Пушкин произносил эти слова медленным голосом с еле заметным налетом усталости. Не в первый раз я уловил в беседе с ним то легкое ощущение утомления, которое сообщает обычно глубокую и невозмутимую тишину нашему внутреннему строю.

— Я люблю этого писателя, — продолжал он. — Дух французского Возрождения нисходит на меня с его страниц. Я люблю его образ, его историю, его книги. Мне близки его живость и подвижность, его страстность и энергия. Как хороша его молодость, полная пороков и блеска, гордости и поклонения прекрасному… И затем — эти притязания на подвиги и славу! Он хотел участвовать в политических актах, в государственных советах, в походах и осадах. Он любил войну и подвиги великих капитанов…

— Кажется, всем этим Монтень близок вашим вкусам? — вырвалось у меня.

— Что может быть лучше жизни, полной движения и воли? Я всегда любил завоевателей, я хотел когда-то писать историю Суворова или Ермолова… Но не этим близок мне теперь Монтень: мне дороже всего его позднее отвращение к рабству придворной жизни, королевским милостям и столичной суете.

— Но из этого заколдованного круга, кажется, труднее всего найти выход?

— Вы помните, как поступил Монтень, приближаясь к своему сороковому году? Он оставил людей, службу, общественные обязанности и уединился в своем далеком замке, чтоб среди любимых книг, в общении с музами, обрести полное душевное спокойствие. Я иногда мечтаю о том же. Мне хотелось бы где-нибудь в глуши, за сотни верст от столиц, на холме среди озер и пашен, над сонными потоками медленной реки поставить свои книги и уйти в мирный труд…

— И некогда смерть ласково придет в уединенный приют смежить утомленные веки?

— О нет! Я помню завет Монтеня: не император только, но каждый мужественный борец должен умереть стоя.

— Это не относится к писателям, дорогой Пушкин, и сам Монтень, как вы знаете, опочил на дедовской постели.

— Кто может предсказать нам нашу смерть? Кто знает, когда и где пробьет наш последний час? Быть может, через полстолетия, быть может, завтра…

— Однако Монтень настраивает вас на мрачный лад. Вы полны сил, вы творите, — к чему эти похоронные мысли?…

— Вы ведь помните, дорогой д'Аршиак: философствовать — это учиться умирать.

V

Беглая запись дневника восполняется живыми преданиями памяти.

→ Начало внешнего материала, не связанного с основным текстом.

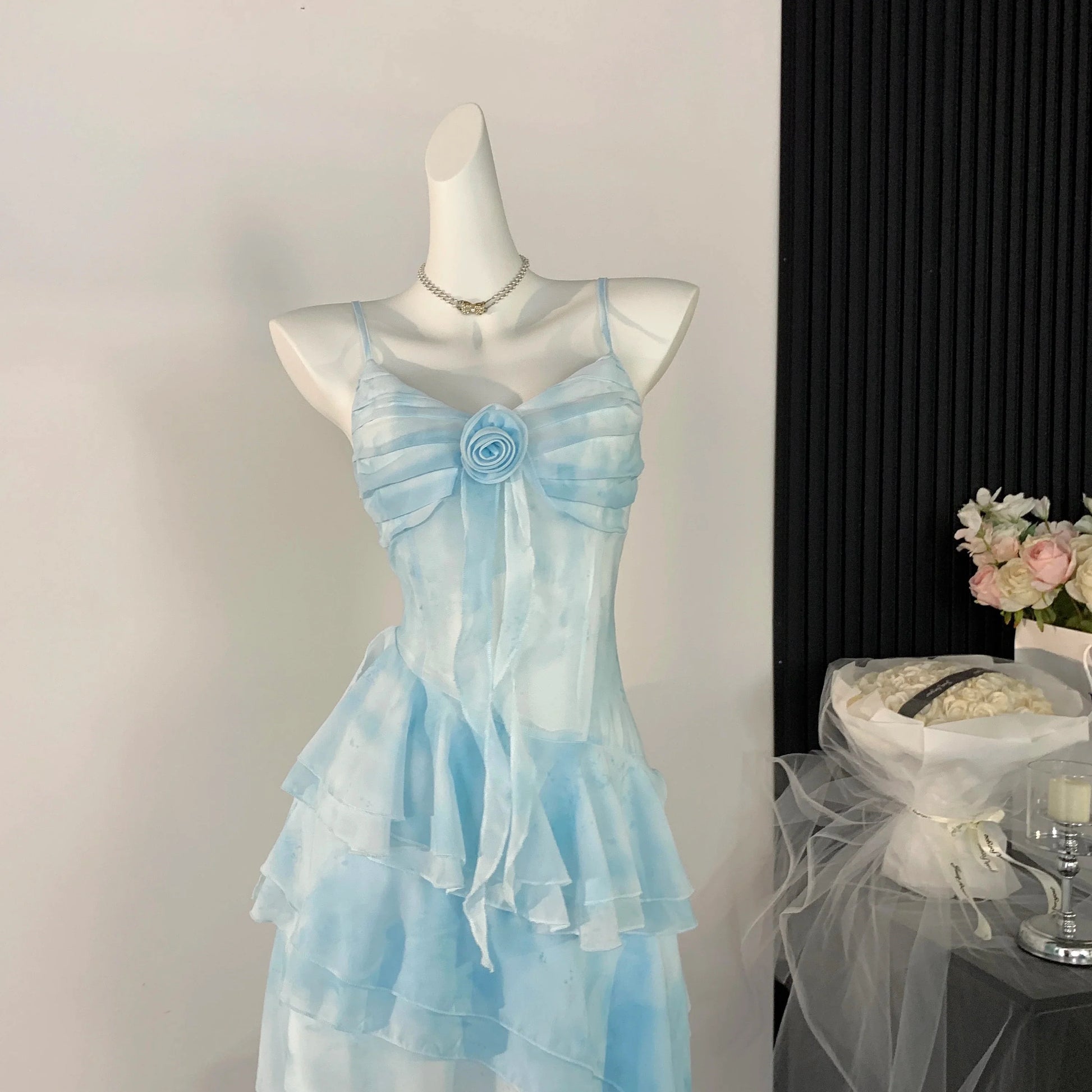 qgtao Women's Blue A-line Chiffon Dress Elegant Mini Dress Vintage Y2k Sleeveless Off Shoulder One Piece Frocks 2000s Clothes Summer

На расстоянии десятилетия мне слышится ровный, медлительный голос поэта, полный мудрой безнадежности. Глубокое спокойствие озаряло в то время его беседы. Холод разочарования придавал его словам особую осеннюю ясность и твердую отчетливость. Он чувствовал и говорил иногда, что потерял главную привлекательность в глазах публики — молодость и новизу литературного имени. Он отмечал это без горечи и раздражения, как неизбежный закон каждой литературной судьбы. Труд непризнанный, но безустанный, углубленный и одинокий — вот ответ художника на торопливые хулы читателей и задорные насмешки журналистов. Отрицанием они вознаграждают себя за недавние поклонения.

В одну из таких бесед он прочел мне свой сонет, призывающий поэта к неуклонному выполнению его одинокого подвига вопреки легкомысленным суждениям толпы.

Последний год в жизни Пушкина был полон больших, драматических, тяжелых, но отчасти и радостных событий. Смерть матери, рождение дочери, работа над историческим романом, создание европейского журнала в России — все это, казалось, сообщало его существованию особый углубленный тон. Мне передавали, что в прежние годы Пушкин отличался необыкновенной подвижностью, быстротою жестов и походки, беспрерывной сменой душевных расположений, заразительным хохотом, живой веселостью и даже подчас рискованной обнаженностью разговора. Мне не пришлось наблюдать его таким. Накопленные годы, очевидно, успели сообщить общему темпу его жизнеощущений некоторую замедленность, быть может увеличив груз его житейской озабоченности, но зато и прояснив до высшей прозрачности его внутренний взгляд на жизнь и мир. Бремя творческих забот и некоторая усталость от прожитых годов, вероятно, вызывали эту медлительную отяжеленность его жизненной поступи. Он, видимо, стал вдумчивее и тише в своих отношениях с людьми. Только потрясения последних месяцев резко нарушили равновесие его душевных сил.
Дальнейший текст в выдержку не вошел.